What you write must match, character for character, the lines from the one with "Maske po želji otrok" down to the one with "Şekil 3.14 Tabi Ki De" in the listing below, minus its pictures.

- [Task inputs]:
= = = = =

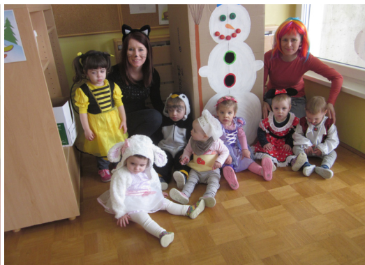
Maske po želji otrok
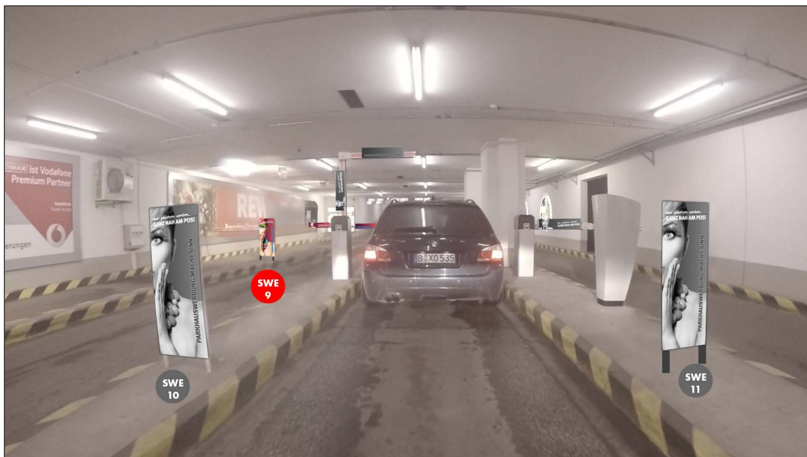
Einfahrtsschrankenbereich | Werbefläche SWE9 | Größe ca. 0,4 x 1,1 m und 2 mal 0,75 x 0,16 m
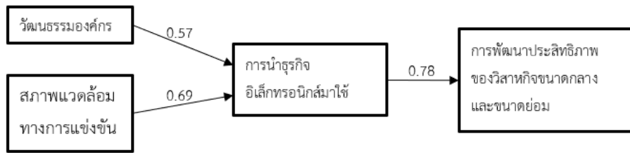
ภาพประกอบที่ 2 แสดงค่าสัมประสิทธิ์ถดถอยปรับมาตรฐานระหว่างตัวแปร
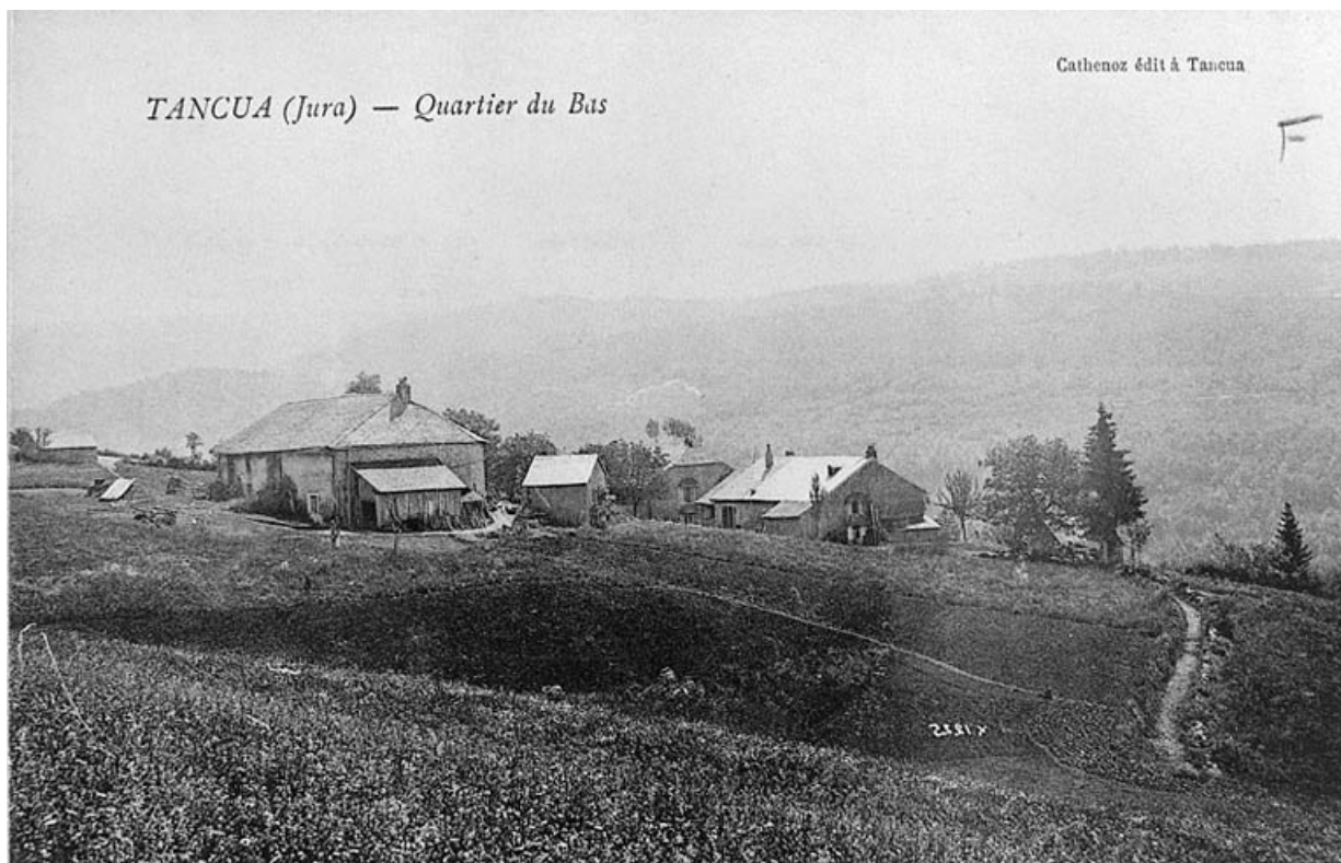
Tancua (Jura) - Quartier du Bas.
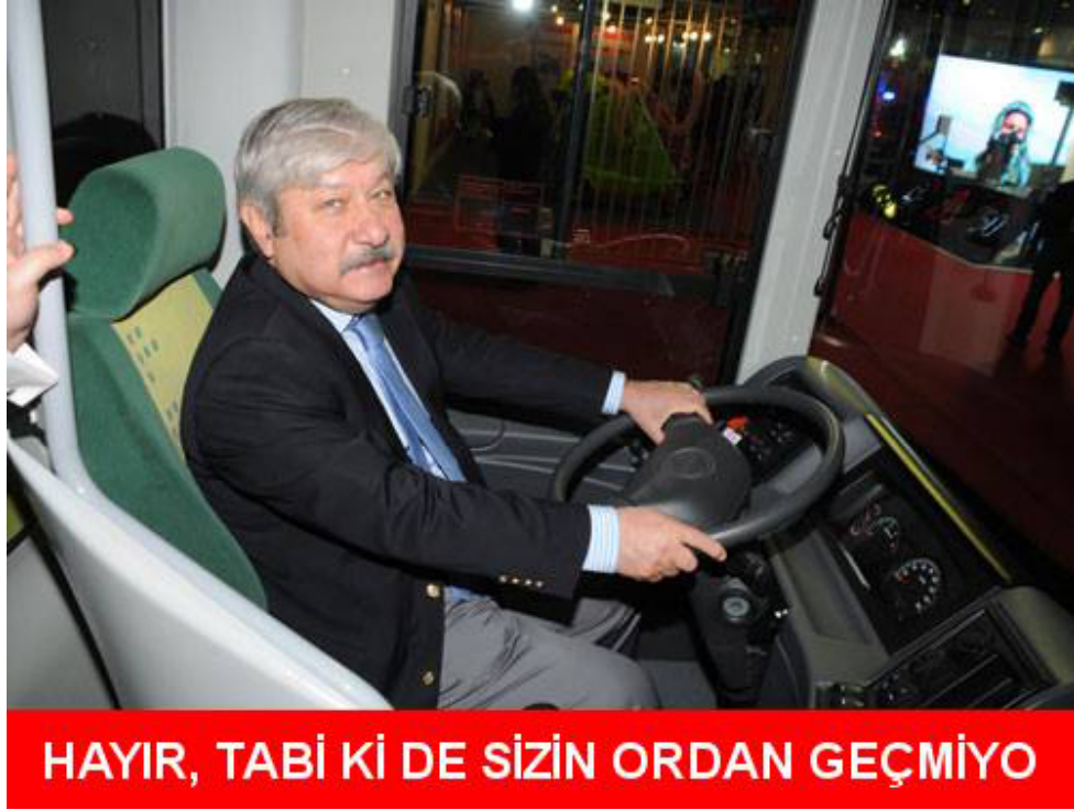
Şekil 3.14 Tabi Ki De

= = = = =

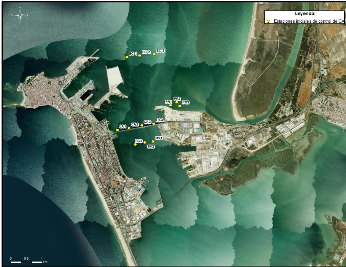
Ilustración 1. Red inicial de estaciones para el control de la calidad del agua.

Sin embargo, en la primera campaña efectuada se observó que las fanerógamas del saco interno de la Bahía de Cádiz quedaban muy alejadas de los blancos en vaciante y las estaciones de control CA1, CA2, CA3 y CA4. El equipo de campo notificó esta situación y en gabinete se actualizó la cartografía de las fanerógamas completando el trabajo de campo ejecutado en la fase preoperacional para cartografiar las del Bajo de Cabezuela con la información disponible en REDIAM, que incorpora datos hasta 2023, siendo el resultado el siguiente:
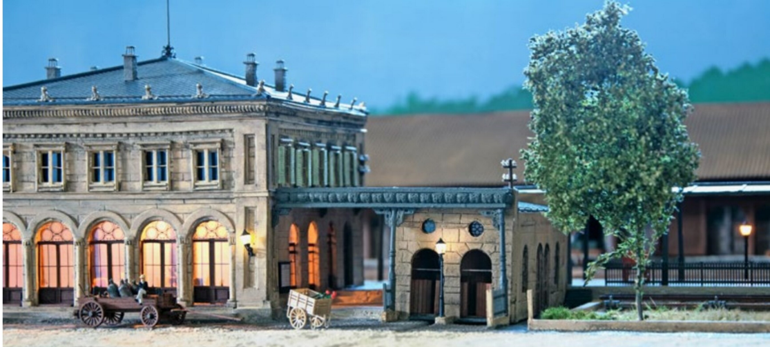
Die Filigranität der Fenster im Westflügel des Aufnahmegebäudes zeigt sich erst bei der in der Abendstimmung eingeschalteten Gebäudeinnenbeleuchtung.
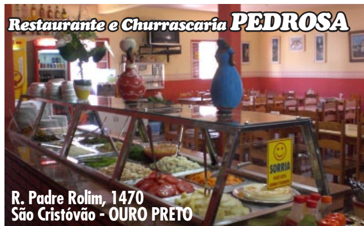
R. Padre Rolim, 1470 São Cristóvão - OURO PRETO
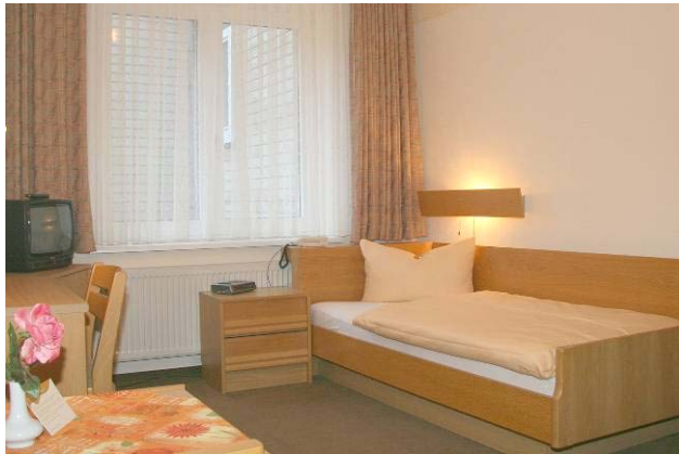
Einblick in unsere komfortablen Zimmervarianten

= = = = =

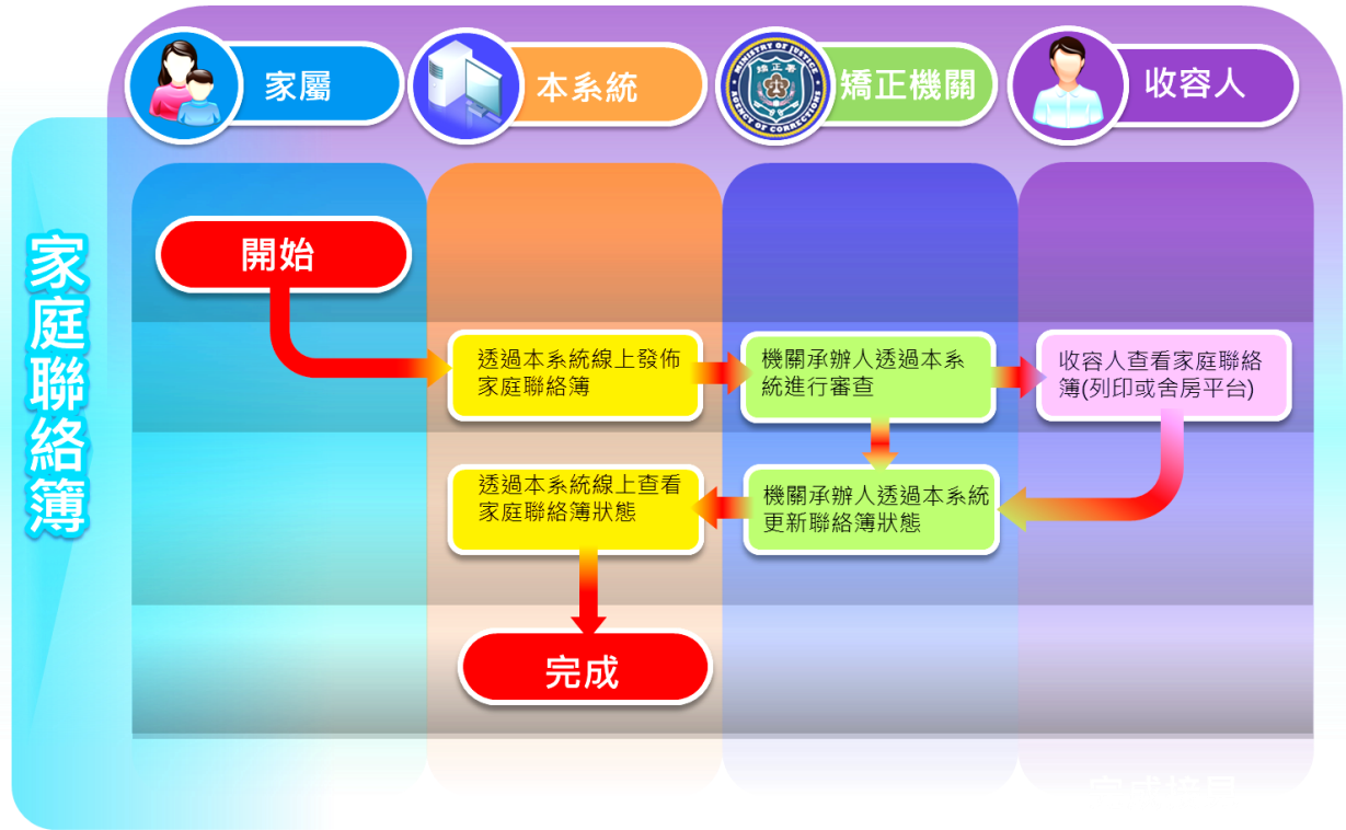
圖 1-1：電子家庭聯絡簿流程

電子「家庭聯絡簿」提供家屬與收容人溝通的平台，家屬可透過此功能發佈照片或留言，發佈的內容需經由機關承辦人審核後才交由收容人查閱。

= = = = =

- [Task result]:
Maske po želji otrok
Einfahrtsschrankenbereich | Werbefläche SWE9 | Größe ca. 0,4 x 1,1 m und 2 mal 0,75 x 0,16 m
ภาพประกอบที่ 2 แสดงค่าสัมประสิทธิ์ถดถอยปรับมาตรฐานระหว่างตัวแปร
Tancua (Jura) - Quartier du Bas.
Şekil 3.14 Tabi Ki De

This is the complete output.